I was a member of the Communications and Marketing team at Georgia Tech that worked on the development of the dark site strategy and system. I thought I would share a few of the key considerations that went into the development of our solution and also a few lessons we learned along the way.
Plan For Different Types of Response
Our crisis communication plan at Georgia Tech prepared us for handling different scenarios that may unfold on a university campus. Your dark site strategy should do the same. I was especially happy that our dark site system could handle notifying students and employees of campus closure due to inclement weather. No more waking up at 4 a.m. to alter the home page based on the decision of our Chief of Police. Your system should adequately handle different types and levels of responses.

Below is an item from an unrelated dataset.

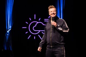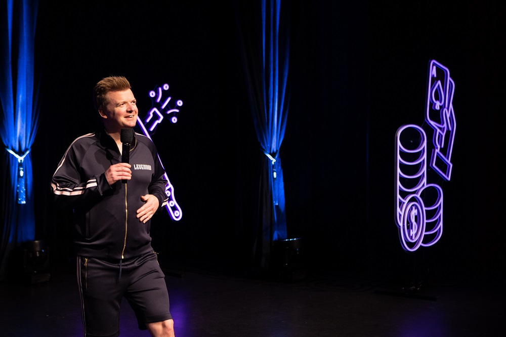 Tobias Dybvads søn, Charly, kommer ind på skuldrene af sin far. Han viser sine seje sko, der kan blinke, frem til publikum til stor applaus. Så bliver han ført bag scenen og skal sove til godnat-råb fra hele publikumsmængden. Ingen er i tvivl om, at vi er kommet i behageligt selskab med Dybvad.

Put the Communicator in the Driver’s Seat
Almost everyone is using some form of a content management system these days. If you aren’t, you probably should be. Your dark site strategy should put the control of setting the message and throwing the switch to enable the site directly in the hands of the decision maker, not your web developer. With a CMS-based website, that’s not difficult to do. When seconds matter you shouldn’t rely upon your IT department or web developer for responding to a crisis.
Domain/URL
It is important that your emergency response reside on the main entry point of your site for your targeted audience. For most sites, this is going to be your home page, but not always. Do your homework and find out. Using a secondary page that is in the waiting like yourdomain.com/updates or yourdomain.com/emergency requires you to redirect traffic to a unique URL using some automated method or through a link that requires a click of the mouse. Either way you are creating unnecessary traffic and load on your servers.
Traffic
A crisis situation will test the limits of your server infrastructure’s ability to handle very intense traffic. We’re talking requests per second here, not visits per day. You should strip your dark site or pages down to the absolute minimum total request size possible. This may mean a logo and a message. That’s all. No Javascript, large graphics or unnecessary database connections. You’ll be busy enough during the event of a crisis; don’t add a server crash into the mix.
Test It
A plan and a system are great to have but I have absolutely zero confidence in them until they’ve been tested. Fortunately for us, just months before the sword attack on campus, a local snowstorm presented us with the opportunity to test our system. But don’t wait for Mother Nature to provide an opportunity. Be proactive and develop a method and plan for testing your system.
I must admit that when I first heard of the samurai sword attack on campus, I didn’t believe it. In hindsight, I’m extremely glad we had a thought out plan and system that allowed our Communications and Marketing unit to control the message almost instantaneously. Can you say the same about your organization?